Support Vector Machine Model

In [70]:
model_svm = svm.SVC(kernel='linear')

In [71]:
# training the SVM model with training data
model_svm.fit(X_train, Y_train)

*Decision Tree Classifier*

In [72]:
criterions = ['gini', 'entropy']
parameters = dict(criterion=criterions)
dtc = GridSearchCV(
    DecisionTreeClassifier(), parameters, cv=5, scoring='accuracy'
)
dtc.fit(X, Y.ravel())
dtc_opt = dtc.best_estimator_
print(dtc.best_params_)
print(dtc.best_score_)

{'criterion': 'gini'}
0.7589743589743589


In [73]:
dtc = DecisionTreeClassifier(criterion='gini')
dtc.fit(X_train, Y_train.ravel())
dtc_pred = dtc.predict(X_test)
score = accuracy_score(dtc_pred, Y_test)
print(score)

0.7948717948717948


*Random Forest Classifier*

In [74]:
parameters = {
    'n_estimators': [10, 100, 250, 500]
}
rfc = GridSearchCV(
    RandomForestClassifier(), parameters, cv=5, scoring='accuracy'
)
rfc.fit(X, Y.ravel())
rfc_opt = rfc.best_estimator_
print(rfc.best_params_)
print(rfc.best_score_)

{'n_estimators': 500}
0.8


In [75]:
rfc = RandomForestClassifier(n_estimators=200)
rfc.fit(X_train, Y_train.ravel())
rfc_pred = rfc.predict(X_test)
score = accuracy_score(rfc_pred, Y_test)
print(score)

0.9743589743589743


Model Evaluation

Accuracy Score

In [76]:
# accuracy on training data in Logistic Regression
X_train_prediction = model.predict(X_train)
training_data_accuracy = accuracy_score(X_train_prediction, Y_train)

In [77]:
print('Accuracy on Training data : ', training_data_accuracy)
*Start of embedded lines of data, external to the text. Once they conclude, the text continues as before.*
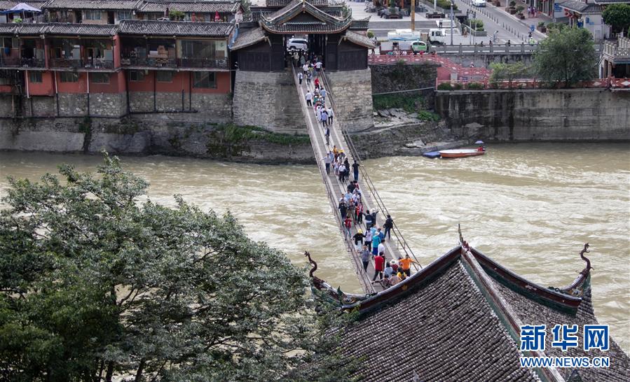 這是大渡河上的瀘定橋(6月27日攝)。 金秋十月,中國最美景觀大道——川藏線上,中外游客絡(luò)繹不絕。途經(jīng)雅康高速上身披“紅妝”的瀘定大渡河大橋,人們無不為其雄壯所震撼。環(huán)其周圍,瀘定大渡河上還有瀘定橋、瀘定大渡河吊橋等大橋巍然佇立,數(shù)橋并跨交相輝映,見證了中國橋梁建設(shè)的光榮與夢想。 新華社記者 江宏景 攝
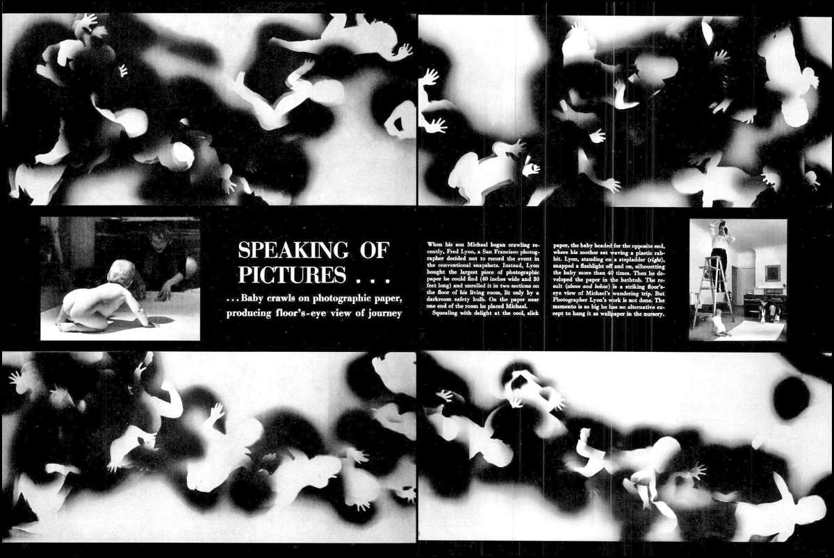 This is a shot by LIFE photographer Fred Lyons of San Francisco of his baby son Michael crawling across the floor on a large sheet of photographic paper.
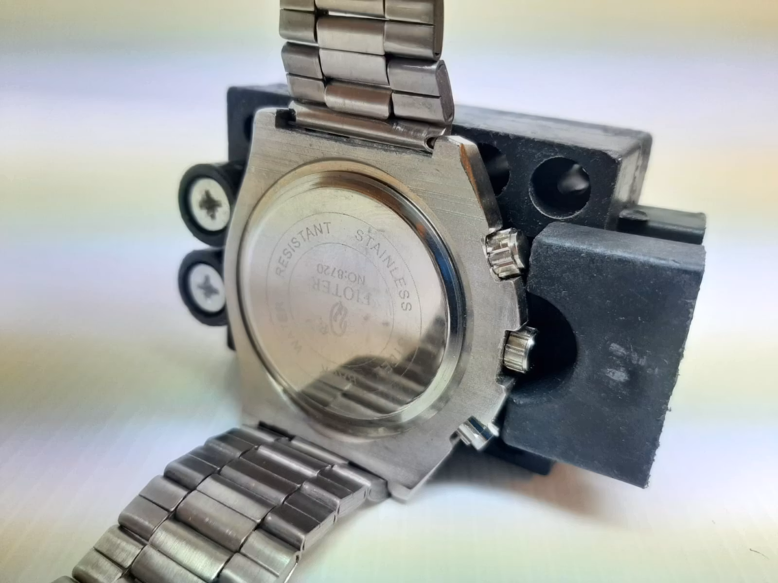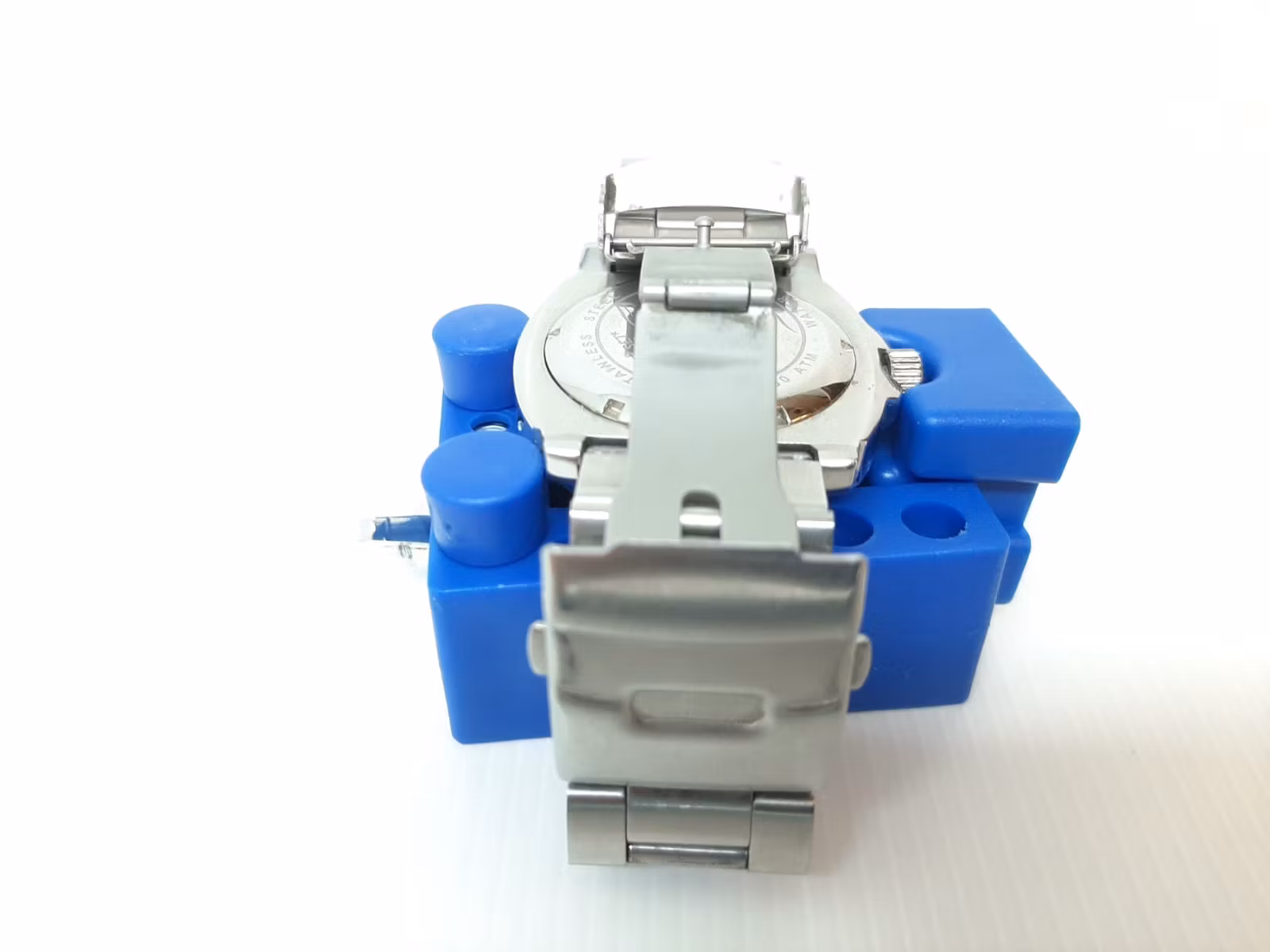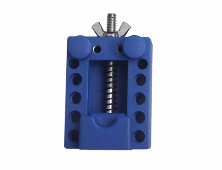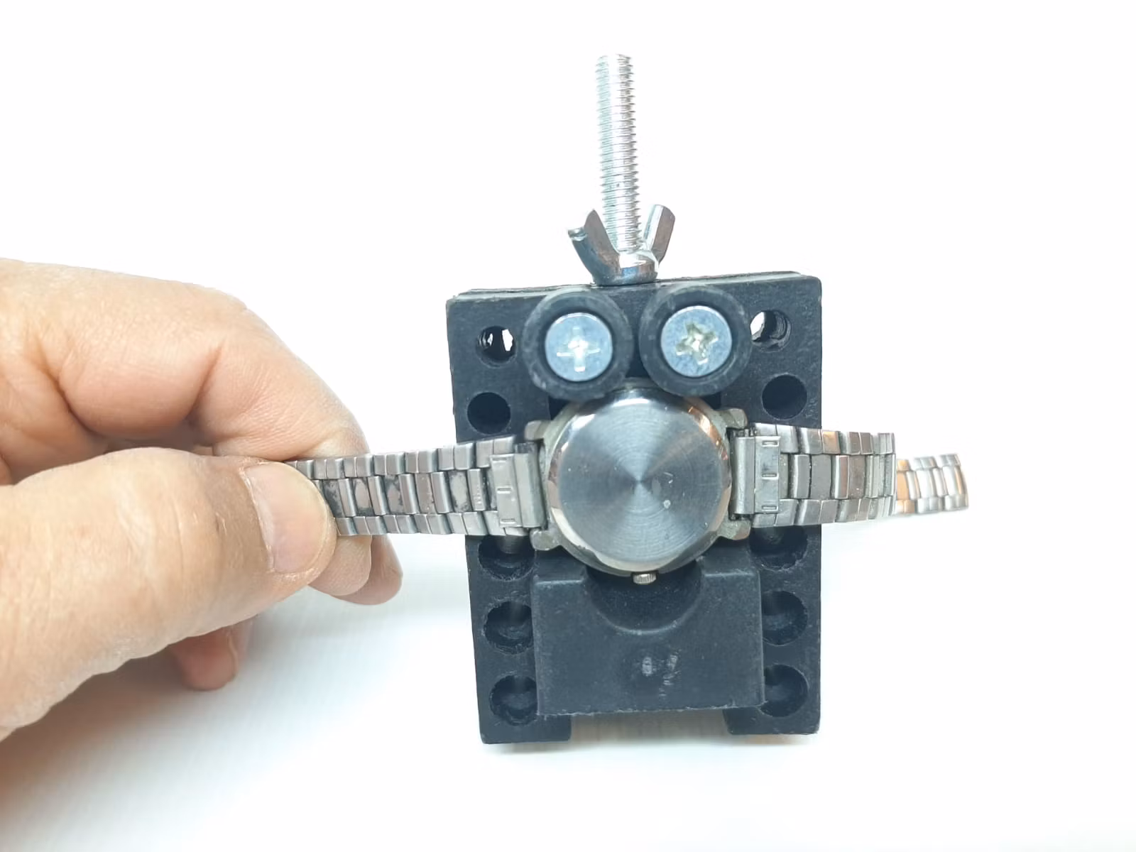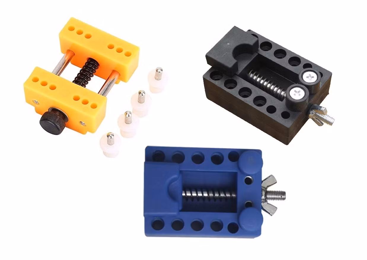 Du köper ett skruvstäd / klockhållare till klocka. Placera din klocka på klockhållaren för att hantera klockan säkert och smidigt när du exempelvis reparerar den, ska öppna boetten, med mera. Med sina plaststift så repas inte klockorna. Skruvstädet har som maxmått för boetter upp till ca 40 mm.
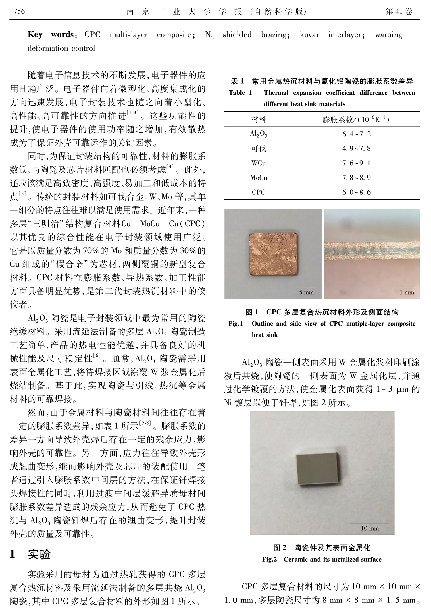 > 電子封裝用Cu-MoCu-Cu(CPC)材料與Al2O3陶瓷釬焊及變形研究

Accuracy on Training data :  0.8717948717948718


In [78]:
# accuracy on test data in Logistic Regression
X_test_prediction = model.predict(X_test)
test_data_accuracy = accuracy_score(X_test_prediction, Y_test)

In [79]:
print('Accuracy on Test data : ', test_data_accuracy)

Accuracy on Test data :  0.8461538461538461


In [80]:
# accuracy score on training data in SVM
X_train_prediction_svm = model_svm.predict(X_train)
training_data_accuracy_svm = accuracy_score(Y_train, X_train_prediction_svm)

In [81]:
print('Accuracy score of training data : ', training_data_accuracy_svm)

Accuracy score of training data :  0.8974358974358975


In [82]:
# accuracy score on testing data in SVM
X_test_prediction_svm = model_svm.predict(X_test)
test_data_accuracy_svm = accuracy_score(Y_test, X_test_prediction_svm)

In [83]:
print('Accuracy score of test data : ', test_data_accuracy_svm)

Accuracy score of test data :  0.8974358974358975


In [84]:
# accuracy on training data in Decision Tree Classifier
X_train_prediction_dtc = dtc.predict(X_train)
training_data_accuracy_dtc = accuracy_score(X_train_prediction_dtc, Y_train)

In [85]:
print('Accuracy on Training data : ', training_data_accuracy_dtc)

Accuracy on Training data :  1.0


In [86]:
# accuracy on testing data in Decision Tree Classifier
X_test_prediction_dtc = dtc.predict(X_test)
test_data_accuracy_dtc = accuracy_score(X_test_prediction_dtc, Y_test)

In [87]:
print('Accuracy on Test data : ', test_data_accuracy_dtc)

Accuracy on Test data :  0.7948717948717948


In [88]:
# accuracy on training data in Random Forest Classifier
X_train_prediction_rfc = rfc.predict(X_train)
training_data_accuracy_rfc = accuracy_score(X_train_prediction_rfc, Y_train)

In [89]:
print('Accuracy on Training data : ', training_data_accuracy_rfc)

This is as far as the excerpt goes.